Lou Anarumo

Indianapolis Colts
- Title: Defensive coordinator

Personal information
- Born: August 18, 1966 (age 60) New York City, New York, U.S.

Career information
- College: Wagner College

Career history
- Wagner (1989) Running backs coach; Syracuse (1990–1991) Graduate assistant & assistant defensive backs coach; Merchant Marine (1992–1994) Defensive coordinator & defensive backs coach; Harvard (1995–2000) Assistant head coach/defensive backs/special teams; Marshall (2001–2003) Defensive backs coach; Purdue (2004–2011) Defensive backs coach; Miami Dolphins (2012–2017); Defensive backs coach (2012–2017); ; Interim defensive coordinator (2015); ; ; New York Giants (2018) Defensive backs coach; Cincinnati Bengals (2019–2024) Defensive coordinator; Indianapolis Colts (2025–present) Defensive coordinator;
- Coaching profile at Pro Football Reference

= Lou Anarumo =

American football coach (born 1966)

Lou Anarumo (born August 18, 1966) is an American professional football coach who is the defensive coordinator for the Indianapolis Colts of the National Football League (NFL). He previously served as the defensive backs coach at Purdue under Joe Tiller and Danny Hope from 2004 to 2011, the Miami Dolphins from 2012 to 2017, and the New York Giants in 2018. He was the defensive coordinator of the Cincinnati Bengals from 2019 to 2024.

==Early life==
Anarumo was born on Staten Island, New York in 1966. He attended Wagner College where he earned his degree in special education. While at Wagner, he served as the junior varsity head coach at Susan E. Wagner High School in Staten Island.

==Coaching career==
===Early career===
Anarumo served as the part-time running backs coach at Wagner in the spring of 1990 before he moved to the U.S. Merchant Marine Academy during the fall of 1990 to serve in the same capacity. From there, Anarumo went to Syracuse University where he served as a graduate assistant under Phil Elmassian working with the defensive backs. Anarumo then returned to the Merchant Marines as the defensive coordinator before being hired at Harvard to serve as the assistant head coach and defensive backs coach. It is at Harvard that Anarumo met former boss Joe Philbin, who at the time served as Harvard's offensive line coach. Anarumo made a stop at Marshall before being hired to replace Elmassian at Purdue.

===Miami Dolphins===
In 2012, Anarumo was hired by the Miami Dolphins as their defensive backs coach. On October 8, 2015, he was chosen to be the interim defensive coordinator of the Miami Dolphins to replace Kevin Coyle who was fired the same day. Due to the changes in coaching staff following the 2015–16 season, he was once again made the defensive backs coach under Adam Gase, the new head coach for the 2016–17 season.

===New York Giants===
On January 25, 2018, Anarumo was named as defensive backs coach for the New York Giants.

===Cincinnati Bengals===
On February 21, 2019, Anarumo was hired by the Cincinnati Bengals as their defensive coordinator under head coach Zac Taylor. He assumed Steve Jackson's cornerbacks coaching duties for the team's Week 11 and Week 12 games in 2020 against the Washington Football Team and New York Giants due to Jackson missing the games for COVID-19 pandemic protocols.

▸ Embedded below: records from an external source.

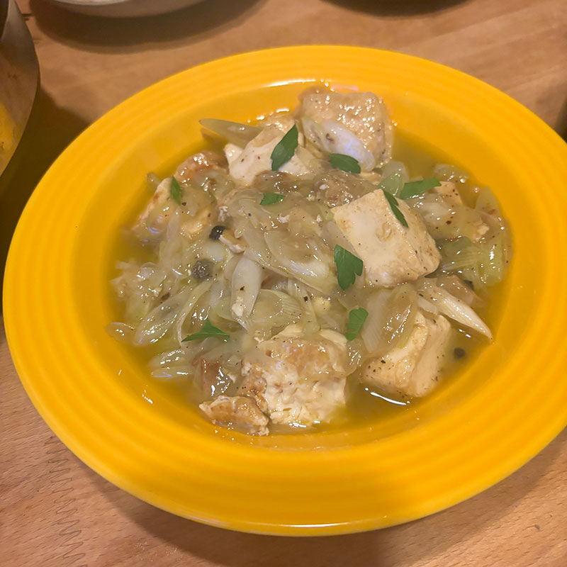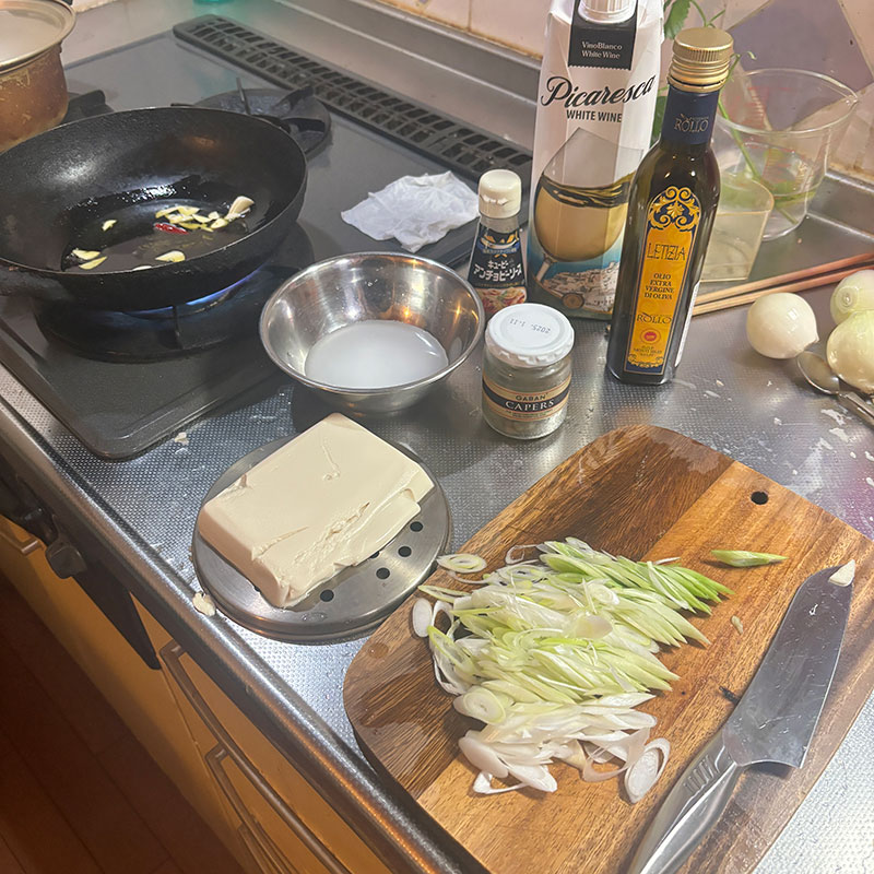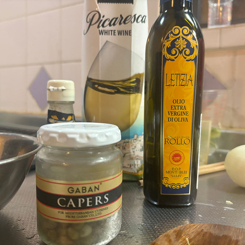 友だちにもらった美味しいオリーブオイル、アンチョビ、ケイパー、黒粒胡椒、ワイン、長ネギ、ゲランドの塩。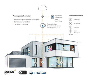 Les capteurs sans fil Sense by MACO fonctionnent selon la nouvelle norme intersectorielle Matter relative aux nouvelles solutions de domotique. Universelle, Matter est synonyme d’indépendance par rapport aux fabricants. Les consommateurs peuvent combiner ainsi de nombreux produits de fabricants différents et avoir de ce fait la liberté de choisir de renforcer leur sécurité, d’optimiser leur consommation énergétique ou encore de contrôler les températures intérieures de leur maison sans obstacle de protocole. Une seule condition : tous les éléments connectés doivent respecter la norme Matter.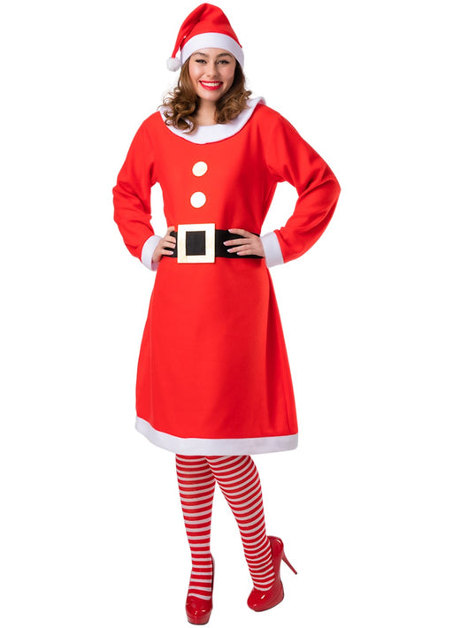 Ladies Santa Claus costume with red dress and attached belt and hat with bobble.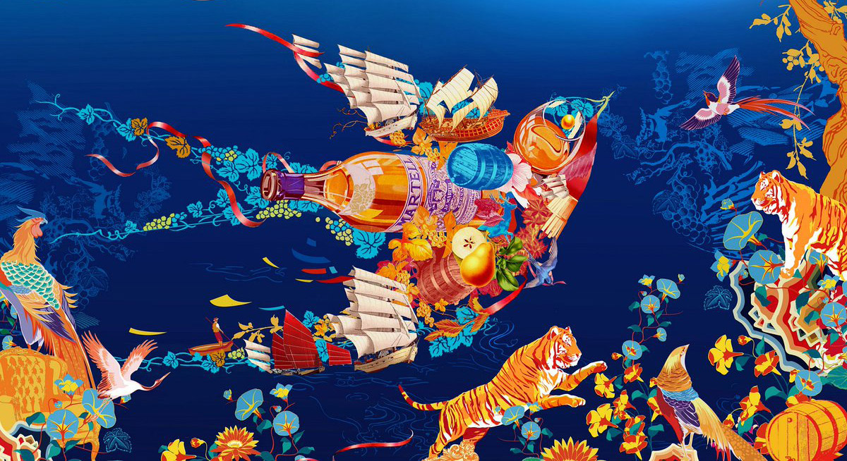 The work creates a visual dialogue between French cognac heritage and contemporary Chinese iconography, transforming traditional brand symbols into a narrative of cultural exchange, movement and celebration.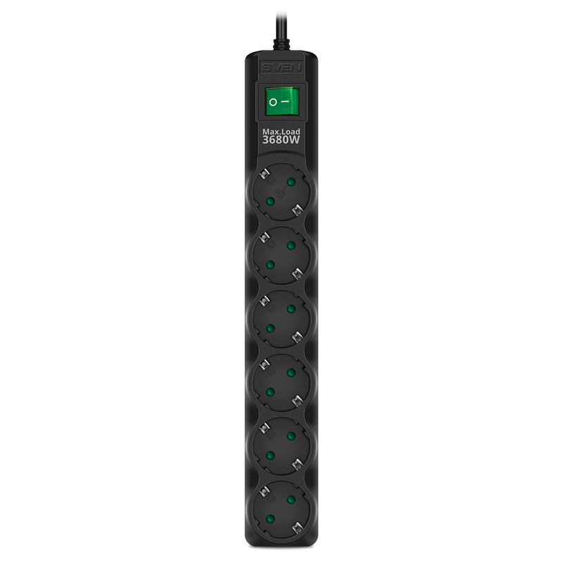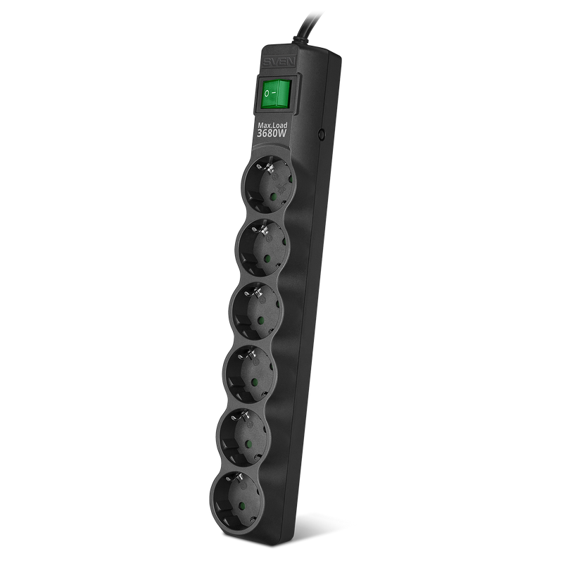 Prelungitor electric SVEN SF-06E-16, 6 Prize, 3m, Negru
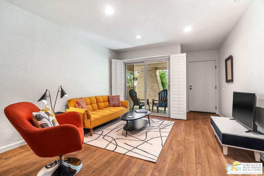Bask in the beauty of desert living in this stylishly updated single-story one-bedroom, one-bath condo showcasing spectacular views of the pool and surrounding mountains. Thoughtfully refreshed with modern finishes, this inviting retreat blends comfort and charm with effortless appeal. Shutters frame the windows throughout, welcoming in natural light while offering privacy when desired. The bright and open living area flows seamlessly to a quaint patio, perfect for morning coffee, sunset cocktails, or simply enjoying the peaceful resort-style setting. The kitchen features sleek countertops, updated appliances, and ample cabinetry, while the spacious bedroom offers a restful escape filled with natural light. The bathroom has been tastefully updated, completing the home's fresh contemporary feel. Set within a beautifully maintained community with pools, lush landscaping, tennis courts, and stunning mountain backdrops, this condo captures the essence of relaxed desert living just minutes from downtown Palm Springs, where shops, restaurants, and entertainment await. Ideal as a full-time residence, vacation getaway, or investment property.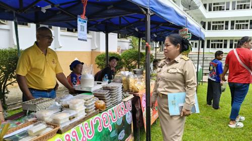 สำนักงานพัฒนาชุมชนจังหวัดชุมพร นำผู้ผลิต ผู้ประกอบการ OTOP และผลิตภัณฑ์ทางการเกษตรในพื้นที่จังหวัดชุมพร ร่วมกิจกรรม ตลาดนัดชุมชนชุมพร อยู่ดีมีสุข "คนชุมพร ยิ้มได้" ครั้งที่ 40 บริเวณสนามหญ้าอาคารศาลากลางจังหวัดชุมพร เพื่อจัดแสดงและจำหน่ายผลิตภัณฑ์ เพิ่มช่องทางการตลาด และเพิ่มรายได้แก่ชุมชน ซึ่งในครั้งนี้มีผู้ร่วมจัดแสดงและจำหน่ายผลิตภัณฑ์ทั้งสิ้น จำนวน 24 บูธ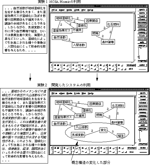 実験では「地球温暖化の原因とその対策について」という与えられた課題に対して、 自分の考えを仮説としてまとめることを被験者に依頼し、問題解決を行なう実験を行な った。最初に被験者はMosaicのみを使って、課題に対する仮説の作成作業を行い、回答を まとめる。その際に被験者に対して、実験は被験者固有の知的側面を調べるのではなく、 システムの性能評価が目的であり、自分で思ったことや意見を自由に、できるだけ書い てもらうように要請した。

In the 2021–22 AFC Championship Game, Anarumo's defense held the Kansas City Chiefs to just a field goal in the second half and forced an interception in overtime, contributing to a 27–24 OT victory to advance to Super Bowl LVI. In Super Bowl LVI, the Bengals lost 23–20 to the Los Angeles Rams.

During the 2023 offseason, Anarumo was a finalist for the Arizona Cardinals head coaching job that ultimately went to Jonathan Gannon.

Anarumo was let go by the Bengals at the end of the 2024 season.

===Indianapolis Colts===
On January 21, 2025, Anarumo was hired as defensive coordinator by the Indianapolis Colts.

==Personal life==
Anarumo is married, and the couple have three children.